On the other hand, a certain mystique, worthy of admiration, attached to the detective. He was a dispassionate and close observer who could illuminate concealed crimes using forensic evidence and shrewd reasoning. This was a few decades before Sherlock Holmes first appeared, but already something of his character was attributed to the best of the London detectives. Writers felt the allure of detection, and it was at this time that the first detective stories began to appear. In fact, both Wilkie Collins, in The Moonstone, and Charles Dickens, in Edwin Drood, incorporated elements of the Road Hill murder into their tales. It was the birth of a genre that was to make a triumphant progress.

Lest I spoil the suspense for prospective readers, I am not going to reveal the conclusions of the Road Hill murder investigation. Mr. Whicher had his suspicions, and they were vindicated when, at last, someone confessed to the crime. Kate Summerscale argues, however, that the confession as it stands does not satisfactorily account for the facts of the case and was probably partly intended to conceal the involvement of another party. If you want to know more than that, you’ll have to read the book.
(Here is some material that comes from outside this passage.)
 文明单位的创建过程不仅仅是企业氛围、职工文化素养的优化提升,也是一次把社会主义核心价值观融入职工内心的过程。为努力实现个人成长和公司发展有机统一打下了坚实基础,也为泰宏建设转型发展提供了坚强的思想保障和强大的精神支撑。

(It is a good book, by the way. It won the Samuel Johnson Prize for non-fiction in Britain.)

[Clews]
The word ‘clue’ derives from ‘clew’, meaning a ball of thread or yarn. It had come to mean ‘that which points the way’ because of the Greek myth in which Theseus uses a ball of yarn, given to him by Ariadne, to find his way out of the Minotaur’s labyrinth. The writers of the mid-nineteenth century still had this image in mind when they used the word. ‘There is always a pleasure in unravelling a mystery, in catching at the gossamer clue which will guide to certainty,’ observed Elizabeth Gaskell in 1848. ‘I thought I saw the end of a good clew,’ said the narrator of Andrew Forrester’s The Female Detective (1864). William Wills, Dickens’ deputy, paid tribute in 1850 to Whicher’s brilliance by observing that the detective found the way even when ‘every clue seems cut off’. ‘I thought I had my hand on the clue,’ declared the narrator of The Woman in White in an installment published in June 1860. ‘How little I knew, then, of the windings of the labyrinth which were still to mislead me!’ A plot was a knot, and a story ended in ‘denouement’, an unknotting.
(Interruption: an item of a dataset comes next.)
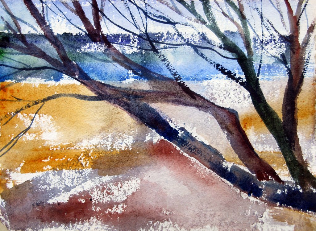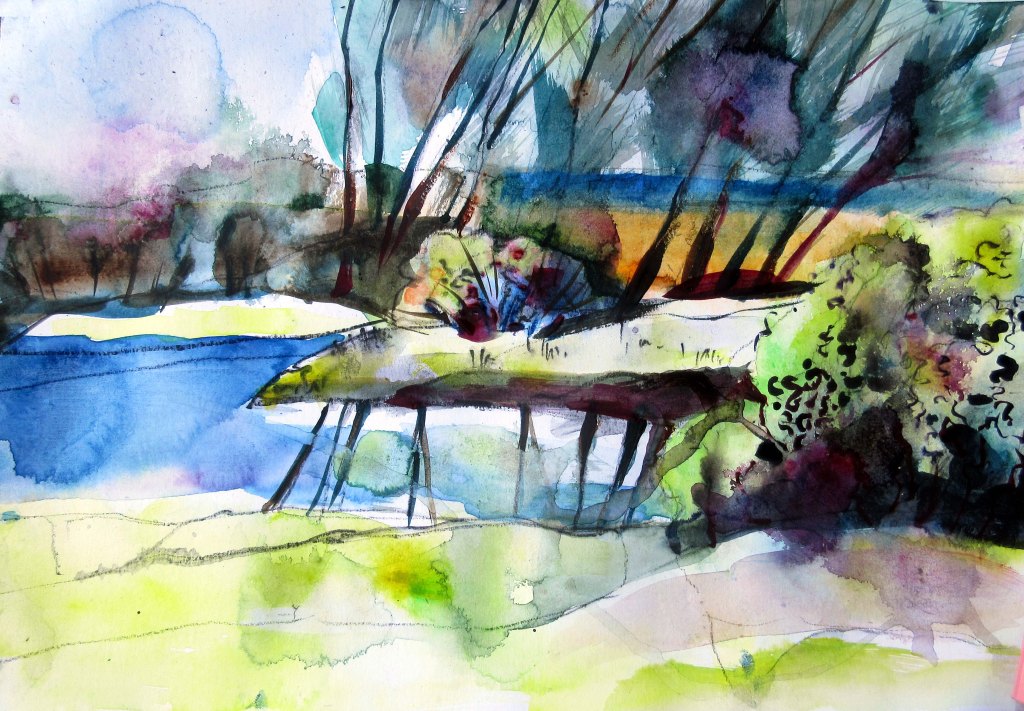 Tällainen maalausmatka sopii minulle. On aikaa katsella luontoa, kerätä vaikutelmia ja levittää akvarellitarvikkeet puutarhaan tai rannan tuntumaan. Jos lähietäisyydellä on sopiva ulkopöytä ja penkki, maalari on tyytyväinen. Minulla oli tapana kiertää lehtiön kanssa tekemässä luonnoksia. Akvarellit syntyivät niiden pohjalta. Käytin toki myös valokuvia muistin virkistämiseksi.

7 Responses to “Summerscale: The Suspicions of Mr. Whicher”


  1. This sounds completely fascinating.

  2. cburrell Says:

    I don’t dip into the “True Crime” genre very often, but since I did this time, I can say that I chose pretty well. I forget where I heard of this book. It might have been on one of those “Five Best” lists that the Wall Street Journal publishes (or used to publish?).

  3. Janet Says:

    I wish I had time to read this. Writing the blog is making me have to re-read books that I normally wouldn’t because I want to write about them, and I don’t want to say something stupid and untrue.

    I tried to write about Lord of the World without re-reading and gave it up. When I read the book again, I found that I had made horrible errors in the first draft.

    AMDG

  4. cburrell Says:

    …I don’t want to say something stupid and untrue.

    I long ago stopped letting that feeling deter me.